With pictures left out, only the lines from the one containing "孤独症(自闭症),一种神经发" through the end of the records should be reproduced exactly, please.
------------------------------
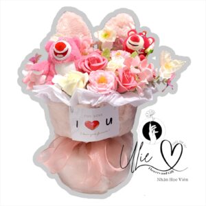 Hoa Trụ Tai Thỏ đang được giới trẻ ưu thích vì độ cute dễ thương của em nó nay Ulie thiết kế thêm hoa sáp 4 lớp phối cùng gấu mini đáng yêu tô điểm thêm sự cute cho em nó. với 2 bé Gấu cùng tone màu hoa hồng phấn nhẹ nhàng.
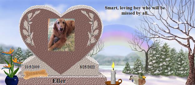 I am so sorry to hear about your loss of Eller. Please find comfort in knowing that Eller is now at Rainbows Bridge and making lots of friends. Saying goodbye is never easy. I also lost my precious cat Spooky July 30th 2001 after 16 wonderful years with her. I have lost several babies since Spooky's passing. Hannah 1/11/13, Sammi 8/2/13,Maci 4/9/14, Gabbi 3/20/17, Zoe 1/3/18, Willow 6/4/18, Shelby 6/12/18, Bear 11/17/19 and Bella and Murphy who were both tragically poisoned on 06/18/20. I am sure that Eller and my babies have all become good friends. You can visit with Spooky at: http://www.rainbowsbridge.com/residents/Spook002/resident.HTM Take Care, Susan
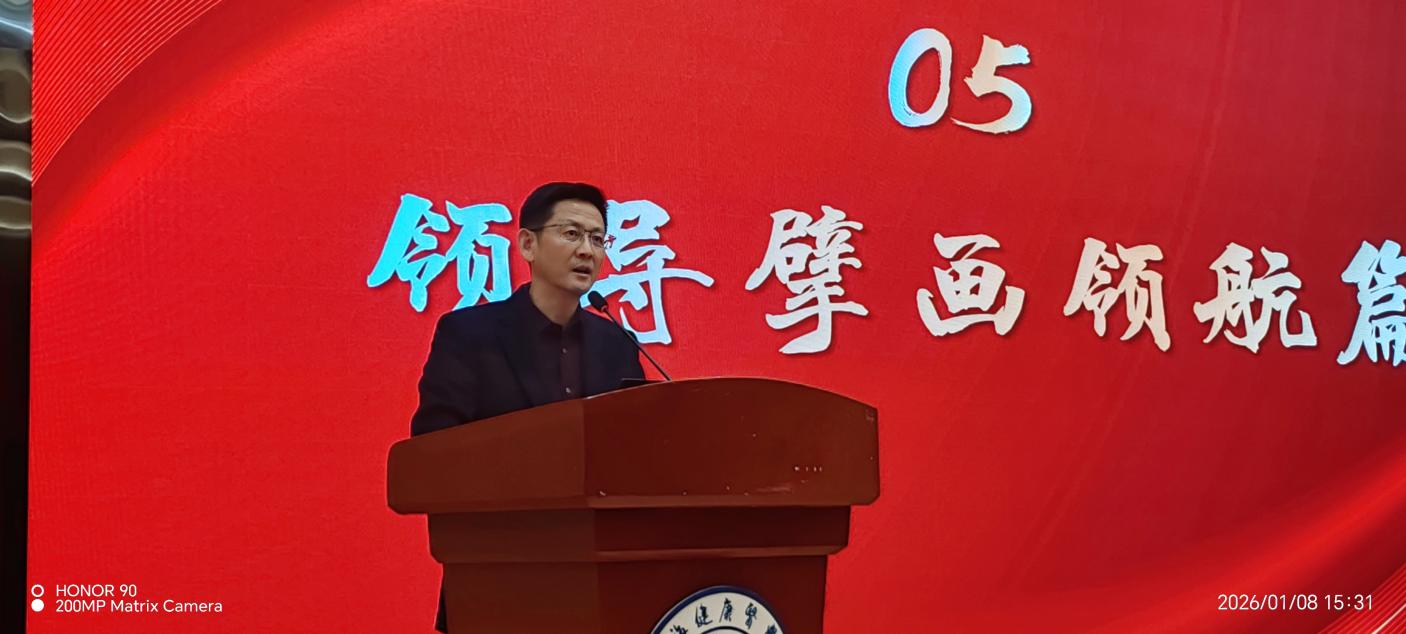 最后,汤磊向在教学一线、临床一线辛勤耕耘的各位老师在过去一年中的辛勤付出和对学校的大力支持,表示衷心的感谢和崇高的敬意。他指出,2026年是学校“十五五”规划从谋篇布局转入全面实施的开局之年,也是深化综合改革、全面提升人才培养质量的关键一年。他对学校教学工作做出了要求:一是要以人才培养改革为核心开展综改,要紧紧围绕四大重点发展领域(临床医学与医疗卫生服务、健康照护与管理、智能医药与医疗器械、主动健康与健康促进)开展供给侧结构性改革,提升人才培养的适配度,提升行业产业贡献度。二是要深化产教融合,要强化与医院及行业企业的协同合作,对人才培养方案进行“一年一更新、四年一大修”,确保各专业实践教学学时占比不低于50%,实现100%专业培养计划由校、院、企联合制定。要深化“早临床、早企业,多临床、多企业,反复临床、反复企业”和“序贯进阶、工学交替”人才培养模式改革。要切实开展“订单式”人才培养改革,并建立“需求—招生—培养—就业—监测”体系闭环,以就业为导向,实现人才培养质量与服务贡献双提升。三是要推进“AI+”建设。系统开展“AI+课程”“AI+专业”建设,开展AI赋能教师教学能力的专项培训,实现各专业“AI+”课程全覆盖,促进教学体系整体升级。最后,他强调,2026年是学校落实综改任务的第一年,要以钉钉子精神起好步,开好局。
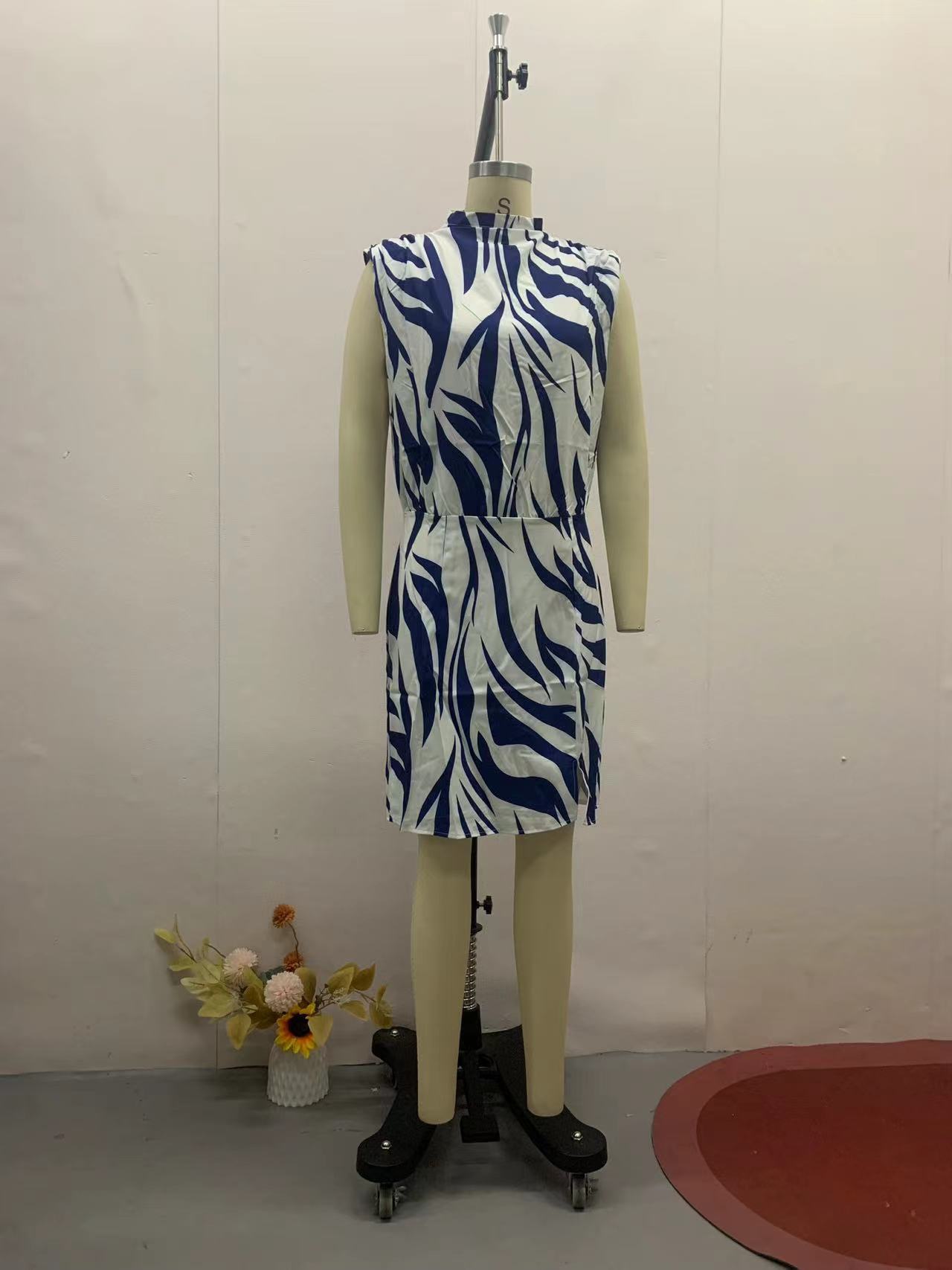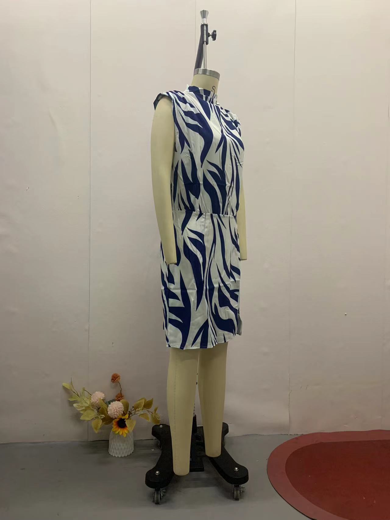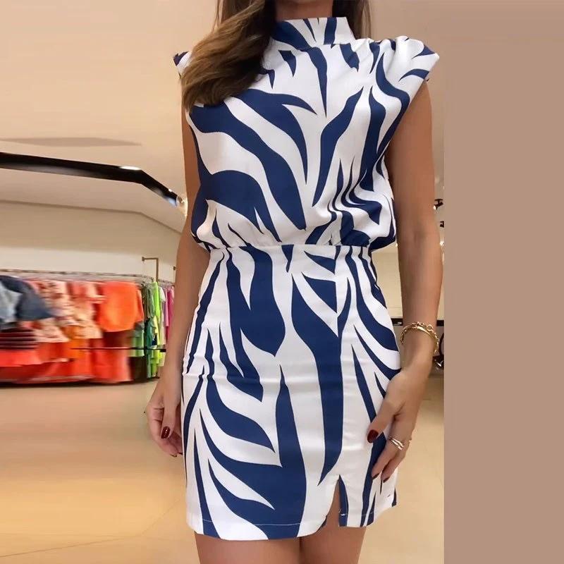Vestido tubo estampado con cuello redondo, sexy, estilo europeo y americano, ajustado, sin mangas, novedad de 2023.
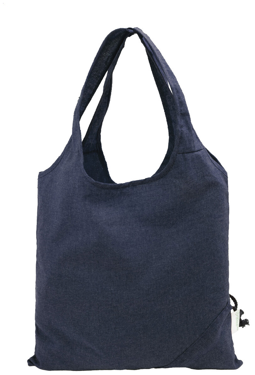 Skládací nákupní taška ze 70 % recyklované bavlny a 30 % polyesteru RPET, 140 g/m2. S výrazným štítkem z recyklované bavlny.
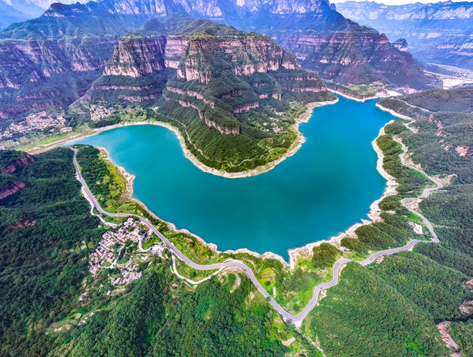 九月的太行山大峡谷褪去盛夏的炽烈,红岩绝壁与澄澈湖光交辉。阳光穿透薄雾,水面碧绿如玉,将天空的蓝、树叶的黄、崖壁的红,统统揉碎成流动的油画。(林州市纪委监委 秦阳 摄)
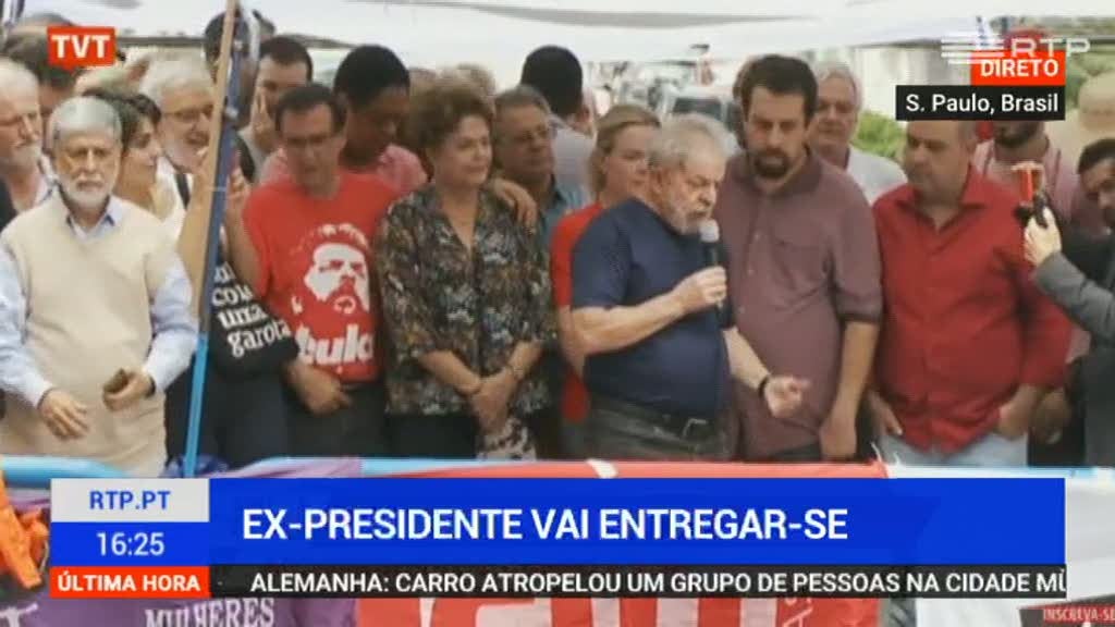 O ex-presidente do Brasil entregou-se às autoridades no final de uma missa de homenagem à sua mulher, Marisa Letícia. Lula da Silva abandonou este sábado o Sindicato dos Metalúrgicos onde se encontrava desde quinta-feira. Junto à sede do sindicato, juntaram-se milhares de apoiantes, entre os quais Dilma Rousseff.
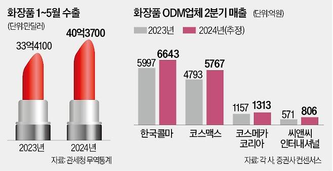 글로벌 시장에서 신진 K뷰티 브랜드들의 약진에 힘입어 코스맥스, 한국콜마 등 국내 화장품 제조업자개발생산(ODM) 업체들이 2분기에도 최대 실적을 경신했을 것으로 추정된다. 사드, 팬데믹 등 여파로 꺼진 K뷰티가 다시 호황기를 맞았다는 분석이 나온다.
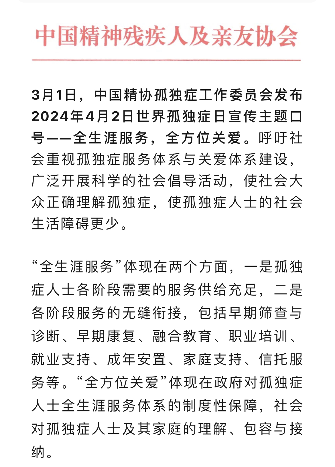 孤独症(自闭症),一种神经发育障碍疾病,影响着全球数百万儿童的生活。自2007年联合国大会指定4月2日为世界提高孤独症意识日以来,联合国一直将这一天作为一种手段,以确认和促进孤独症患者在与其他人平等的基础上,充分实现所有人权和基本自由。2024年4月2日是第十七届世界孤独症日,今年的宣传主题是:“全生涯服务,全方位关爱”。
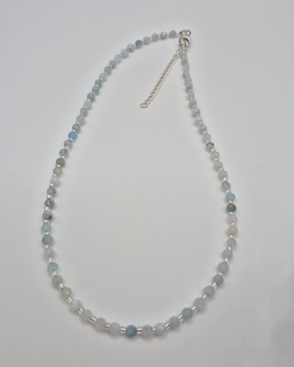 Gargantilla compuesta por Cuentas milimetradas y facetadas de Aguamarina. Cierre y cadena de extensión en Plata 925.
------------------------------
**OUTPUT FOR THIS EXERCISE**.
 孤独症(自闭症),一种神经发育障碍疾病,影响着全球数百万儿童的生活。自2007年联合国大会指定4月2日为世界提高孤独症意识日以来,联合国一直将这一天作为一种手段,以确认和促进孤独症患者在与其他人平等的基础上,充分实现所有人权和基本自由。2024年4月2日是第十七届世界孤独症日,今年的宣传主题是:“全生涯服务,全方位关爱”。
 Gargantilla compuesta por Cuentas milimetradas y facetadas de Aguamarina. Cierre y cadena de extensión en Plata 925.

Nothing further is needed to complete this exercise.